Health care cost trend rate assumptions are a significant input in the calculation of the amounts reported for the Company's postretirement benefits plans. A one percentage-point change in assumed health care cost trend rates would have no significant effect on the total service and interest cost components or on the postretirement benefit obligation.

 

Consolidated pension plan assets relate primarily to the U.S. pension plan. The Company utilizes the services of independent third-party investment managers to oversee the management of U.S. pension plan assets.  The Company's investment strategy is to invest plan assets in a diversified portfolio of domestic and international equity securities, fixed income securities and real estate and other alternative investments with the objective of generating long-term growth in plan assets at a reasonable level of risk. Prohibited investments for the U.S. pension plan include certain privately placed or other non-marketable debt instruments, letter stock, commodities or commodity contracts and derivatives of mortgage-backed securities, such as interest-only, principal-only or inverse floaters.
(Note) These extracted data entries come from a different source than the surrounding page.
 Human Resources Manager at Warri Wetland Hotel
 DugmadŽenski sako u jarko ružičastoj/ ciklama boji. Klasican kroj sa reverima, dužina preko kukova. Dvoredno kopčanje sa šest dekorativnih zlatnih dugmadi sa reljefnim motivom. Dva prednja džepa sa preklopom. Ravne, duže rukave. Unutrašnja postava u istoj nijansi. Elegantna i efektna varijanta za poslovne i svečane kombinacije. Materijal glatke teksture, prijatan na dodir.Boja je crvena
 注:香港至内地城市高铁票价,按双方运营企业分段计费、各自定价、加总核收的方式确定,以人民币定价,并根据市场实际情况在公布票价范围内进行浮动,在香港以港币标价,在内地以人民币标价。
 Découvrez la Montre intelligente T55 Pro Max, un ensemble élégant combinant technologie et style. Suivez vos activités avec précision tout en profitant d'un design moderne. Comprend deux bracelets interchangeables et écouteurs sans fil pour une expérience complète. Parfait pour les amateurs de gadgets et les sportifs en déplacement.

The current target allocation percentages for the Company's U.S. pension plan assets are 43-47% for equity securities, 43-47% for fixed income securities and 8-12% for other alternative investments, including real estate.
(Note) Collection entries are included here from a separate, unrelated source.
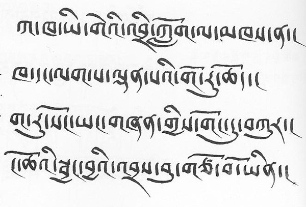 吐蕃時期還產生了密文體、伏藏體、幻妙體等許多書體。佛教分為顯宗和密宗兩大修行范疇。密宗傳入吐蕃是在公元八世紀,是印度佛教大師蓮花生傳入吐蕃的。密文體是蓮花生和他的吐蕃密妃康卓益西措杰創新的專門用于記錄書寫密宗典籍的特殊書體。雖然,其形狀與通行的藏文書體不太一樣,但是其拼寫讀法、文法、正字法等均與通行的藏文一樣。因此,密文體是藏文的一種特殊的書體。密文體有十幾種。佛教的傳播過程中,常常遇到 挫折,因此,為了避免佛法失傳,佛教徒常將佛教典籍埋入地下,稱為伏藏。其目的是以備日后的佛教徒掘藏佛經,繼續宏傳佛法。伏藏體正是專門用于書寫伏藏經文的特殊的藏文書體。伏藏體也有十幾種書體。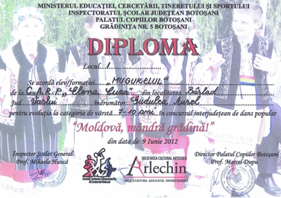 Formatia de dansuri populare Mugurelul, coordonata de coregraful Aurel Gudulea, a obtinut locul I la concursul interjudetean de dansuri populare organizat pe 9 iunie 2012 la Botosani.
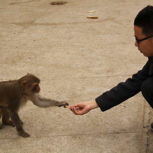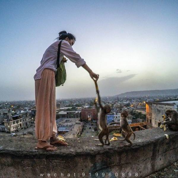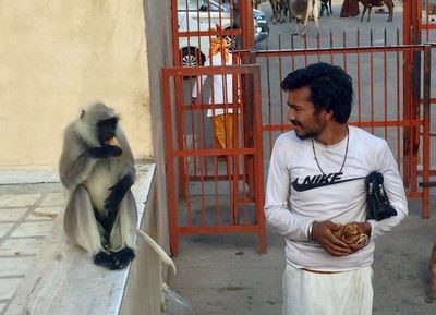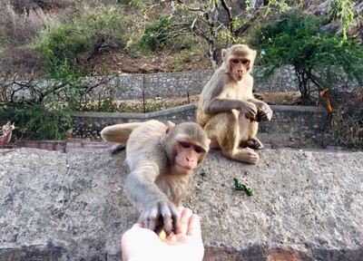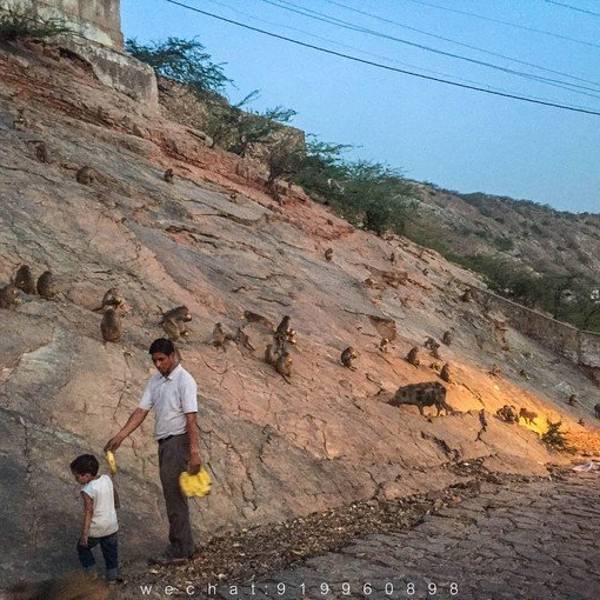 接着便出城来到了一个叫做galta的神猴之庙。位于悬崖峭壁之间的神庙自然是猴群密布。主要是好动的弥猴,也有少量的叶猴。进入神庙之前买了两包花生来“忽悠”这些猴子。我小心翼翼的将花生放于手中,顽劣的猴子也小心翼翼的来索取我手中的花生。当第一次紧张的交易顺利进行后,后面的就变得非常舒畅,人猴双方似乎都放松了警惕。尝到甜头的猴子呼唤同伴过来分享花生。 展开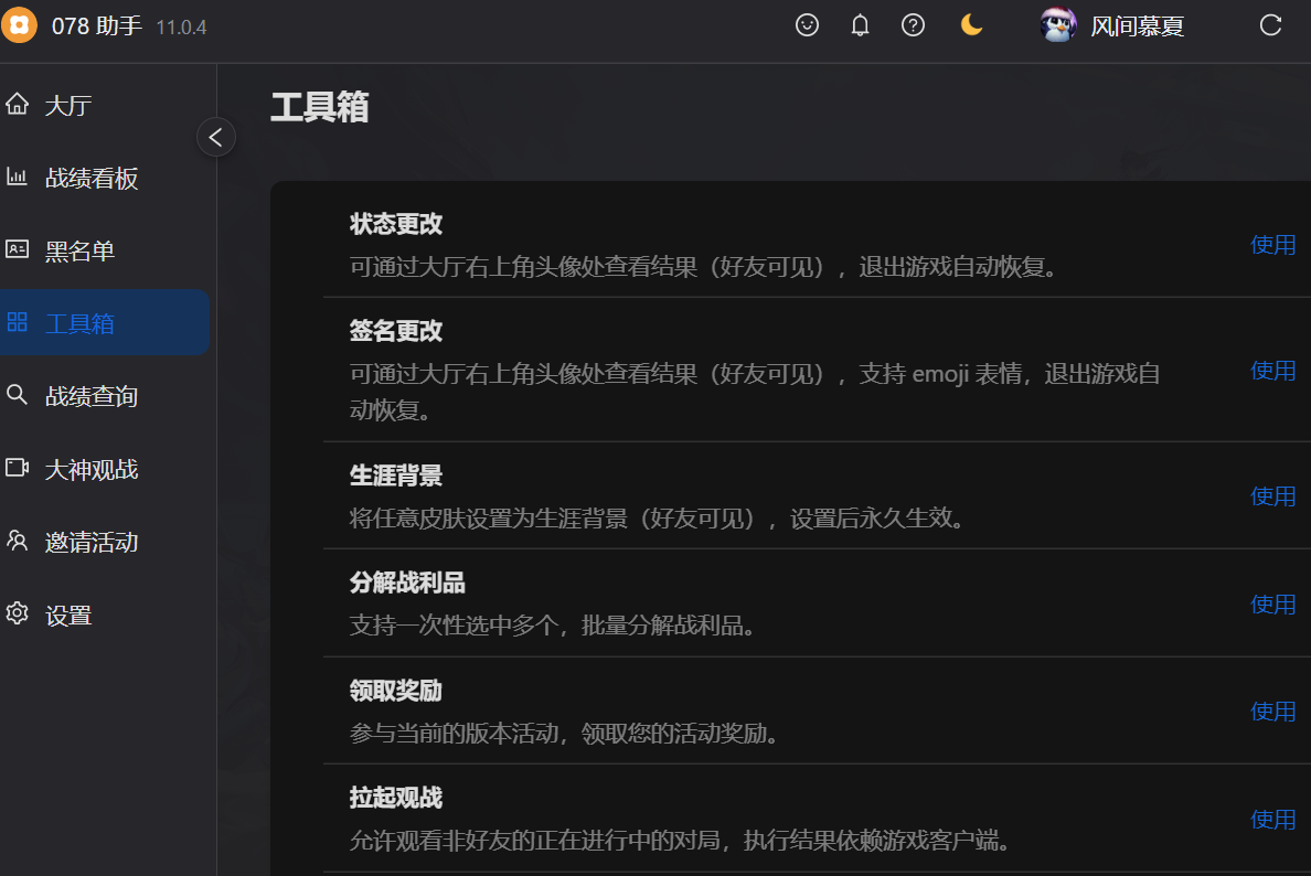专为英雄联盟玩家打造的专业工具——078助手,能为你带来全方位游戏助力。查战绩、析对局,让你每一把游戏前都知己知彼,而在账号个性化上,它支持便捷设置游戏状态,还能自定义专属个性签名,让你的账号形象更具辨识度。此外,它会主动帮你补领游戏中容易忽略的福利,避免错失应得权益;更有专属游戏大厅,方便你结识同好玩家,快速组队开黑,一同畅享峡谷对战的欢乐时光。

 The fair value of the Company’s pension plan assets by asset class are as follows:
                  
      Year Ended November 27, 2011 
  Asset Class Total Quoted Prices in Active Markets for Identical Assets (Level 1) Significant Observable Inputs (Level 2) Significant Unobservable Inputs (Level 3) 
      (Dollars in thousands) 
                
  Cash and cash equivalents $ 6,050 $ 6,050 $ - $ - 
  Equity securities (1)             
   U.S. large cap   168,347   -   168,347   - 
   U.S. small cap   32,513   -   32,513   - 
   International   139,931   -   139,931   - 
  Fixed income securities (2)   353,887   -   353,887   - 
  Other alternative investments             
   Real estate (3)   53,766   -   53,766   - 
   Private equity (4)   4,611   -   -   4,611 
   Hedge fund (5)   4,677   -   4,677   - 
   Other (6)   8,132   -   8,132   - 
    Total investments at fair value $ 771,914 $ 6,050 $ 761,253 $ 4,611 

_____________

 

  • Primarily comprised of equity index funds that track various market indices.

     

  • Predominantly includes bond index funds that invest in U.S. government and investment grade corporate bonds.
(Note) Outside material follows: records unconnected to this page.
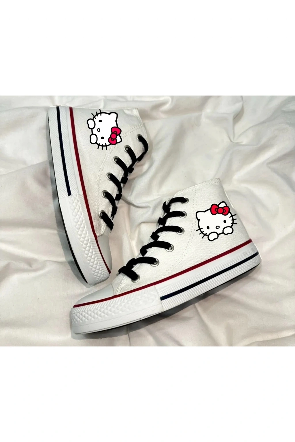 - Hello Kitty temalı tasarımıyla çocukların beğenisine sunulan bu spor ayakkabı, onların tarzını yansıtır.; - Siyah bağcık detayı ile hem şıklığı hem de rahatlığı bir arada sunan bu ayakkabı, günlük kullanım için idealdir.; - Beyaz bilek kısmı sayesinde konforlu bir kullanım sağlar ve ayakkabının ayağa tam oturmasına yardımcı olur.; - Kauçuk taban materyali ile kaygan zeminlerde bile üstün tutuş gücü sunar; güvenli adımlar atmanız için tasarlanmıştır.; - Sürdürülebilirlik detayı bulunmayan bu ayakkabı, çevre dostu malzemelerden üretilmemiştir; ancak kaliteli yapısıyla öne çıkar.; - Tekstil saya materyali hafiflik ve nefes alabilirlik sunarak çocukların gün boyu konforunu artırır.; - İç astarının da tekstilden yapılmış olması ayağı sıcak tutarken yumuşak bir dokunuş hissi verir.; - Üretim yeri Türkiye olan bu ürün, yerel üretim avantajlarıyla desteklenmiştir; kalite standartlarına uygun olarak üretilmiştir.; - Kısa topuklu (1 - 4 cm) tasarım, çocukların doğal yürüyüşünü destekleyerek sağlıklı gelişimlerini teşvik eder.; - Kadın / kız yaş grubuna hitap eden bu sneaker, hem kız çocukları için hem de erkek çocuklar için uygundur.; - Bağcıklı bağlama şekli sayesinde ayakkabının ayağa tam oturması sağlanırken, kolayca ayarlanabilirlik özelliğiyle pratik kullanım imkanı tanır.; - Dış yüzeydeki tekstil malzeme dayanıklılığı arttırarak uzun süreli kullanım vaat ederken aynı zamanda estetik görünümünden ödün vermez.; - Kaydırmaz taban tipi ile her türlü zeminde maksimum güvenlik sağlar; kayma riskini minimize eder.; - İç tabanında kullanılan tekstil malzemeden dolayı ayakların gün içinde rahat etmesini garanti ederken aynı zamanda hava akışını da destekler.; - Baskılı deseniyle göz alıcı detaylara sahip olan bu spor ayakkabı, Hello Kitty severler için mükemmel bir seçimdir.; - Düz topuklu yapısı sayesinde stabiliteyi arttırarak çocukların sağlıklı adımlar atmasına yardımcı olur; ideal yükseklikteki tabanıyla konfor sunar.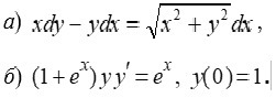 Обыкновенные дифференциальные уравнения первого порядка: а) найти общее решение; б) решить задачу Коши.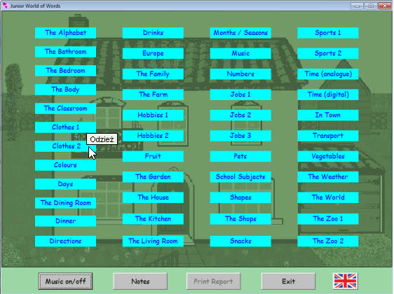Junior World of Words is a handy app for those who want to learn English words and sentences exclusively through pictures. It contains 45 topics with pictures, each with its own built-in testing. All picture windows have three activities: words, sentences and a quiz.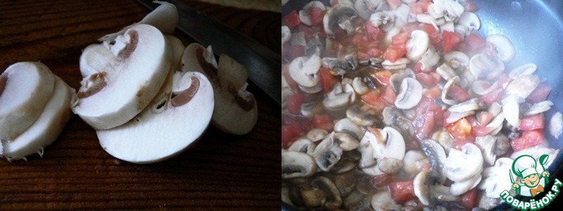 -Томаты нарезать кубиками, добавить к грибам, снова посолить и обжаривать до полной готовности грибов.
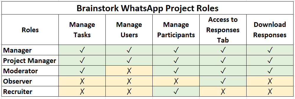 In a WhatsApp project, users with the Manager role have full access to all features.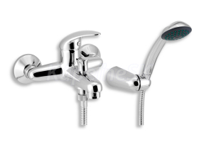 kategória distribúcie Novaservis: Vodovodní baterie | Vanové baterie nástěnné. Kvalitná a odolná, keramická kartuš KEROX 35 mm . so 7 ročnou zárukou. . Prvotriedne chrómové prevedenie. Vaňová nástenná batéria s rozostupom 150 mm a kovovým aretačným prepínačom. Súčasťou balenia je kovová sprchová viaczámková hadica 150 cm (pevnejšia a odolnejšia), otočný držiak sprchy a samočistiaca ručná sprcha.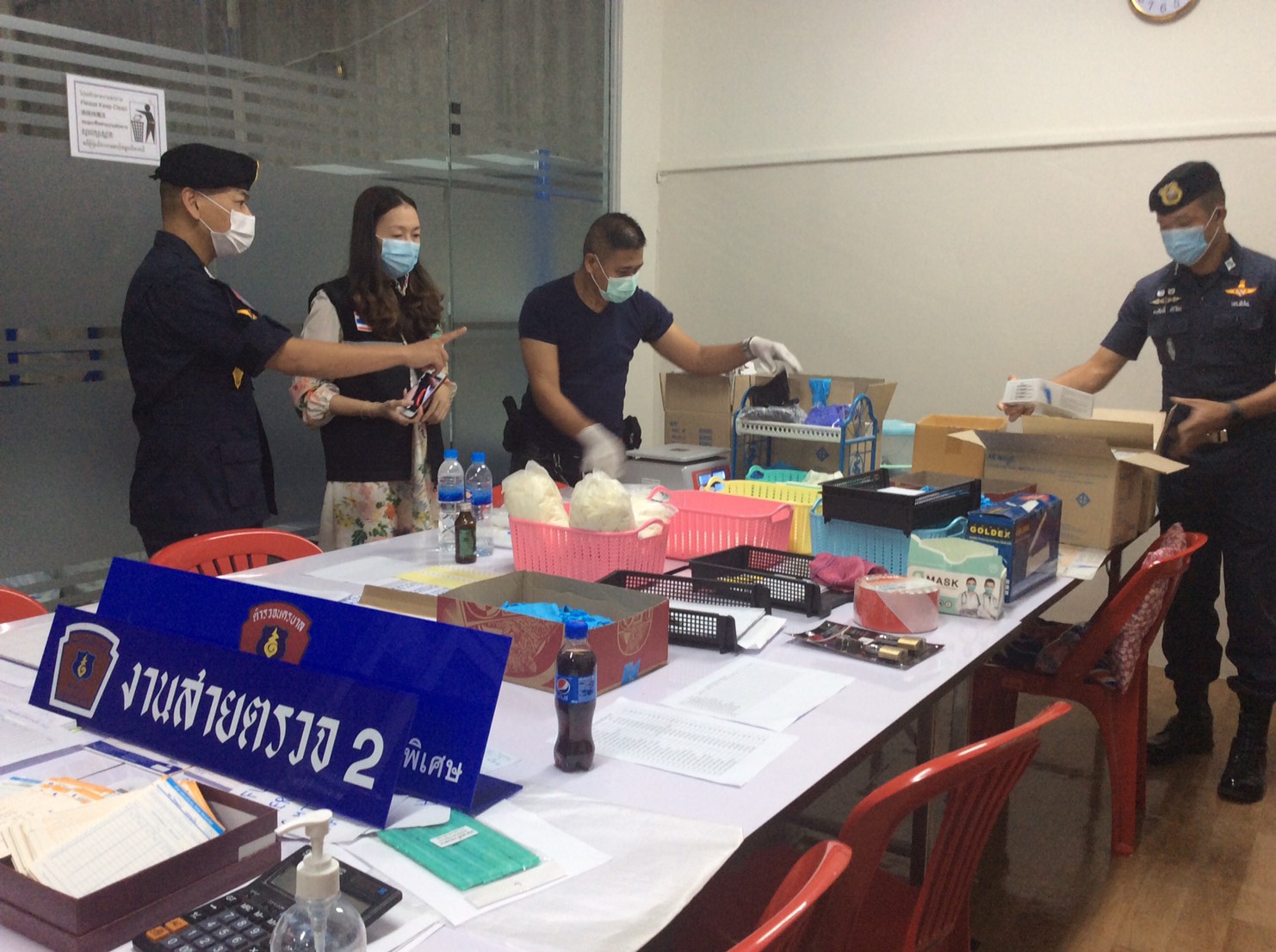ที่เกิดเหตุเป็นโกดังขนาดใหญ่ มีรั้วรอบขอบชิด ภายในดัดแปลงเป็นสถานที่เก็บอุปกรณ์ทางการแพทย์ อาทิ ถุงมือยาง เพื่อเตรียมส่งจำหน่ายให้กับลูกค้า เจ้าหน้าที่จึงแสดงตัวพร้อมกับตรวจยึดถุงมือทางการแพทย์ชนิดต่างๆ หลากหลายยี่ห้อ ไว้เป็นของกลางเพื่อนำมาทำการตรวจสอบอย่างละเอียดว่า ผ่านมาตรฐานตามที่กฎหมายกำหนดหรือไม่ ทั้งนี้ได้ทำการตรวจยึดถุงมือยางแพทย์จำนวนประมาณ 2,064,000 ชิ้น,กล่องบรรจุภัณฑ์ถุงมือยางจำนวนประมาณ 120,000 กล่อง,เครื่องซีลพลาสติก จำนวน 1 เครื่อง และเครื่องชั่งดิจิตอลจำนวน 2 เครื่อง รวมมูลค่ากว่า 150 ล้านบาท

  • Primarily comprised of investments in U.S. Real Estate Investment Trusts.

     

  • Represents holdings in a diversified portfolio of private equity funds and direct investments in companies located primarily in North America. Fair values are determined by investment fund managers using primarily unobservable market data.

     

  • Primarily invested in a diversified portfolio of equities, bonds, alternatives and cash with a low tolerance for capital loss.

     

  • Primarily relates to accounts held and managed by a third-party insurance company for employee-participants in Belgium. Fair values are based on accumulated plan contributions plus a contractually-guaranteed return plus a share of any incremental investment fund profits.

 

The fair value of plan assets are composed of U.S. plan assets of approximately $649 million and non-U.S. plan assets of approximately $123 million. The fair values of the substantial majority of the equity, fixed income and real estate investments are based on the net asset value of comingled trust funds that passively track various market indices.

 

 The Company’s estimated future benefit payments to participants, which reflect expected future service, as appropriate,
are anticipated to be paid as follows:
                 
    Pension Postretirement     
  Fiscal yearBenefits Benefits Total 
    (Dollars in thousands)  
  2012$ 57,354  $ 18,632   $ 75,986  
  2013  58,375    18,137     76,512  
  2014  57,910    17,657     75,567  
  2015  59,538    17,249     76,787  
  2016  60,267    16,776     77,043  
  2017-2021  339,084    75,636     414,720  

At November 27, 2011, the Company's contributions to its pension plans in 2012 were estimated to be approximately $64.5 million.